Friday, September 10, 2010

Who bails out a bankrupt European Central Bank?

The ECB is not a lender of last resort. Yet according to yesterdays Open Europe press briefing quoted here: ... the FT notes that the ECB has stepped in to shore up the eurozone government bond markets in its biggest such intervention since early July. The ECB has bought between €100 million and €300 million of Greek, Irish and Portuguese bonds so far this week, traders said yesterday. So who steps up to pay for all this useless paper at the end of the day? First the commercial banks were effectively belly up and their Governments shrilling they were too big to fail met the consequences of their disastrous investments with tax payer commitments the taxpayers (themselves mostly up to their necks in debts with mortgages on homes about to plunge in value) will never be able to pay.
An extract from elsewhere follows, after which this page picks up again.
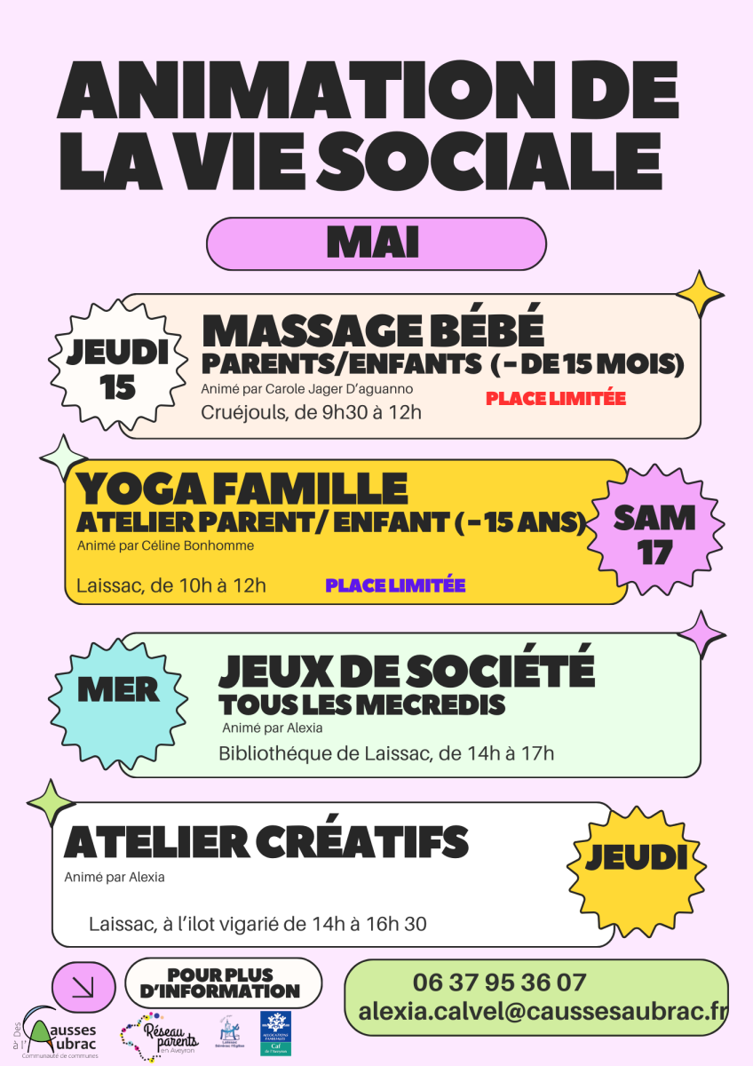 Dans une volonté de renforcer le lien entre les parents et les enfants, des ateliers ont été initiés sur le territoire du Laissagais. Ces rencontres, organisées en collaboration avec des intervenants, visent à offrir un moment de bien-être, de partage et d’échange.

So now the Central Banks step in with yet more commitments, which in the case of the ECB nobody seems obligated to cover. Slovakia who have refused to join the Greek bail out and the Czech Rebublic who sidestepped the EU commitment for a financial levy on banks, must both appear comparatively well positioned compared to the rest of the eurozone let alone the EU as a whole who undoubtedly will be the final soft touch at the end of the day! On Sunday we are today informed Basel III for the international banks will be finalised, an event that has seen Deutsche Bank this morning scrambling to raise billions more in capital, read here, before the rest of the pack leap in. Yet what use a well capitalised commercial banking sector in a world of bankrupt sovereign governments and floundering central banks? Let alone hundreds of millions of consumers saddled with debts on their over-valued houses, which, as this blog repeatedly points out, NOTHING absolutely ZERO has been done about. The house price bubble that first sparked this crisis remains ignored while money is everywhere printed out of nothing but thin air to presumably eventually price other worthwhile and essential commodities, such as wheat, to appear reasonable when compared with terraced houses considered near slums in more sensible times, now valued in several hundreds of thousands if not millions of now worthless local currencies.